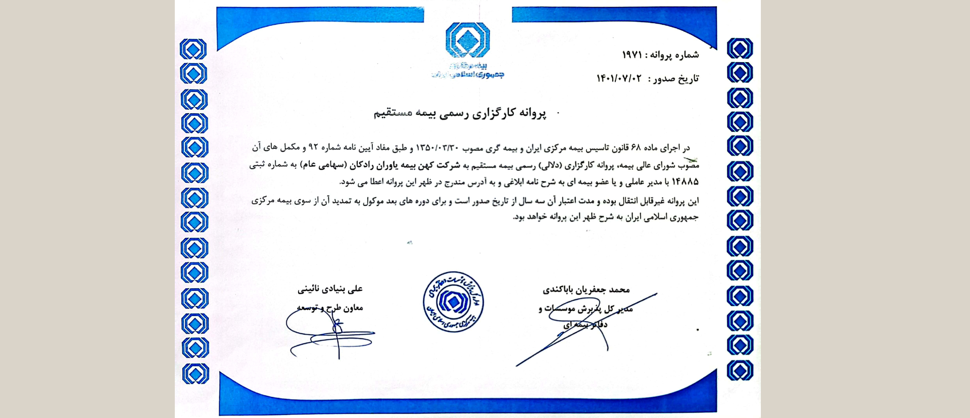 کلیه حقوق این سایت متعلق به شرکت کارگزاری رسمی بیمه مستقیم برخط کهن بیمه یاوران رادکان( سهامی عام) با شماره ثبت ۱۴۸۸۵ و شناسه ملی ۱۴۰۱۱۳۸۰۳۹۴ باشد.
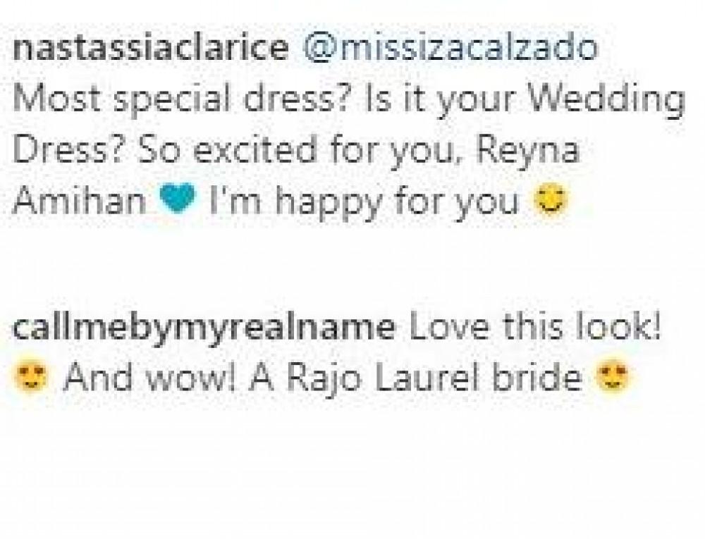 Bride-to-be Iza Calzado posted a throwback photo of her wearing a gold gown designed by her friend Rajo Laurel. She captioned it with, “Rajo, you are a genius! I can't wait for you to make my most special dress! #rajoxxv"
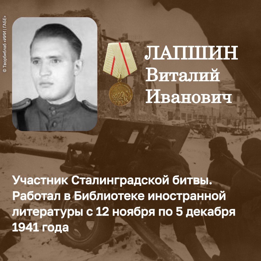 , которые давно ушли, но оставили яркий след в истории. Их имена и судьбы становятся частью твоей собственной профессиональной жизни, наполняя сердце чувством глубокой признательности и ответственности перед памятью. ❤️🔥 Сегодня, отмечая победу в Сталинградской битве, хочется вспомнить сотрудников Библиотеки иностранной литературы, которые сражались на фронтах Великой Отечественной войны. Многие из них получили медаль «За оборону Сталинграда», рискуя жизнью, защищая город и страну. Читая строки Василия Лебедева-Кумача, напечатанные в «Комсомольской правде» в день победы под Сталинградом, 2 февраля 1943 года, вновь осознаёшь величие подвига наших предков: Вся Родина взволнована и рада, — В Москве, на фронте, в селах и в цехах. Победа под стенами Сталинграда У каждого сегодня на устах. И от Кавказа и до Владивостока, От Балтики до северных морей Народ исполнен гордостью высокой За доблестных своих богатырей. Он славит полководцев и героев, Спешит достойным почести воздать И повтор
* * *
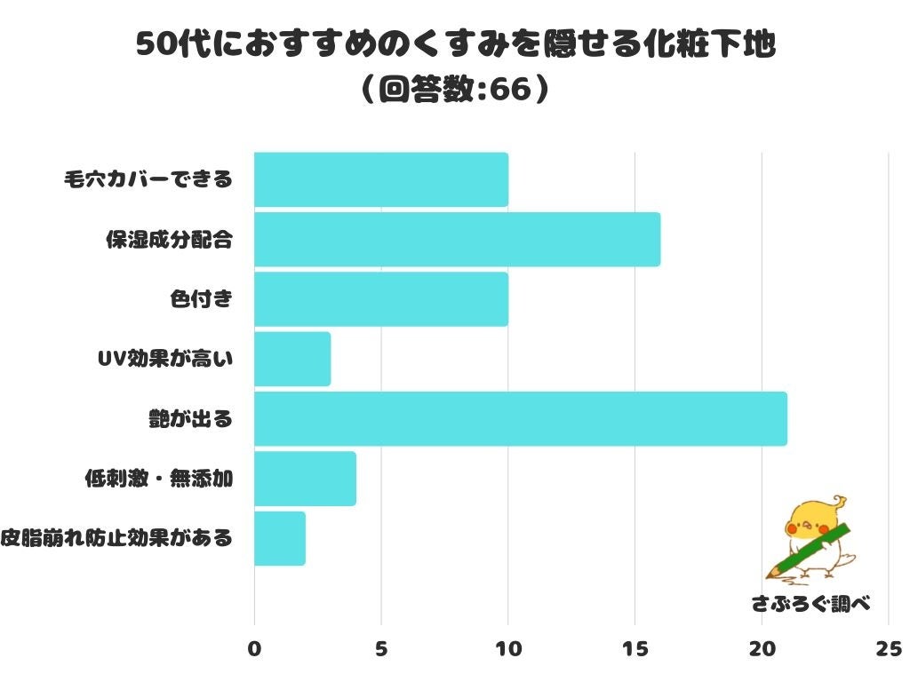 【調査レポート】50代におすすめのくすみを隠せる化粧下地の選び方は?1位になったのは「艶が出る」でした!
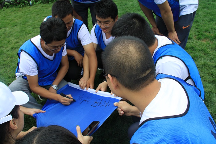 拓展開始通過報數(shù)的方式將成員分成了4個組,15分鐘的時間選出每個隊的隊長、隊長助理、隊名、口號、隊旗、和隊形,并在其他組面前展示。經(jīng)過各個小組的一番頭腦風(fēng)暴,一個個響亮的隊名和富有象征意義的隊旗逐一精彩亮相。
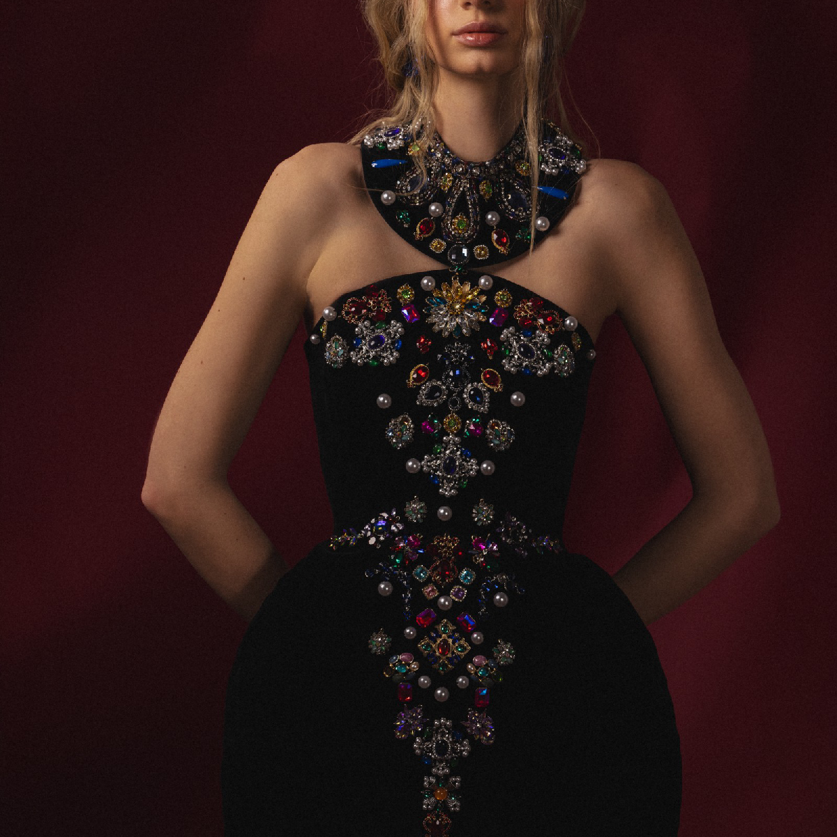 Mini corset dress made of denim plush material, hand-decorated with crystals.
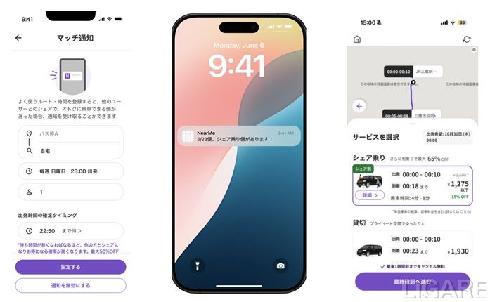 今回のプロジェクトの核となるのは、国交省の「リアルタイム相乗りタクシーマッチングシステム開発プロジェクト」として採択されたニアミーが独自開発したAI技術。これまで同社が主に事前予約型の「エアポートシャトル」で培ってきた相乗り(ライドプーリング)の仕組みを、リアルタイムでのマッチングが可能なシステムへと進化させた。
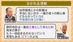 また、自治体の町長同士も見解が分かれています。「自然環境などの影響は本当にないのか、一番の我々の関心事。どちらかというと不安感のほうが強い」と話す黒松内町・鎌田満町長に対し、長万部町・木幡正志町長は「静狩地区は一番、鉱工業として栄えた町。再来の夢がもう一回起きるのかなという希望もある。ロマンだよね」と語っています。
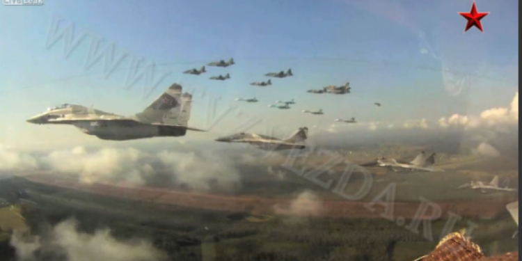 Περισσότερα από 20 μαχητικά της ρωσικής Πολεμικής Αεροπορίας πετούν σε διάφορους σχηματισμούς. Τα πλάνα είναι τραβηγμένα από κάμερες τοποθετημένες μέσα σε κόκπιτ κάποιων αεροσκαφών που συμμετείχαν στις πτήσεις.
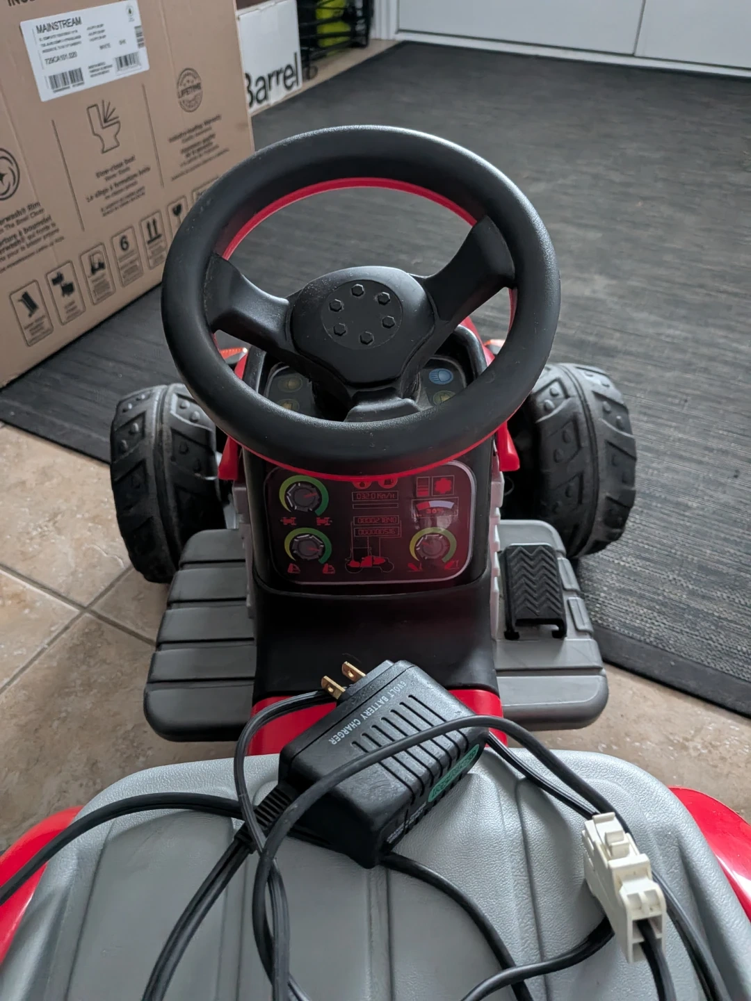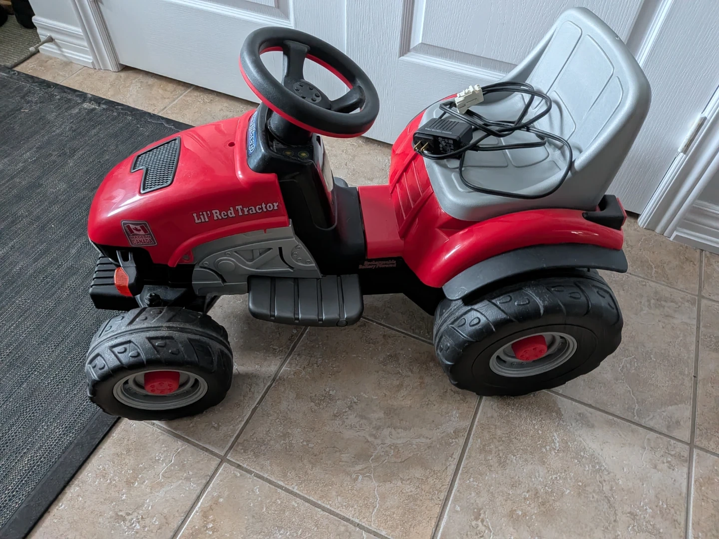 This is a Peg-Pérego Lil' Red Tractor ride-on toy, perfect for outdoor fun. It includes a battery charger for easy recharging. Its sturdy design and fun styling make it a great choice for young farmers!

## THE TASK
The lines to copy exactly start with the line above that has "کلیه حقوق این" and go on through the line that has "Bride-to-be Iza Calzado"; please include both, add nothing else, and omit the pictures.

## SOLVED PROBLEM
 کلیه حقوق این سایت متعلق به شرکت کارگزاری رسمی بیمه مستقیم برخط کهن بیمه یاوران رادکان( سهامی عام) با شماره ثبت ۱۴۸۸۵ و شناسه ملی ۱۴۰۱۱۳۸۰۳۹۴ باشد.
 Bride-to-be Iza Calzado posted a throwback photo of her wearing a gold gown designed by her friend Rajo Laurel. She captioned it with, “Rajo, you are a genius! I can't wait for you to make my most special dress! #rajoxxv"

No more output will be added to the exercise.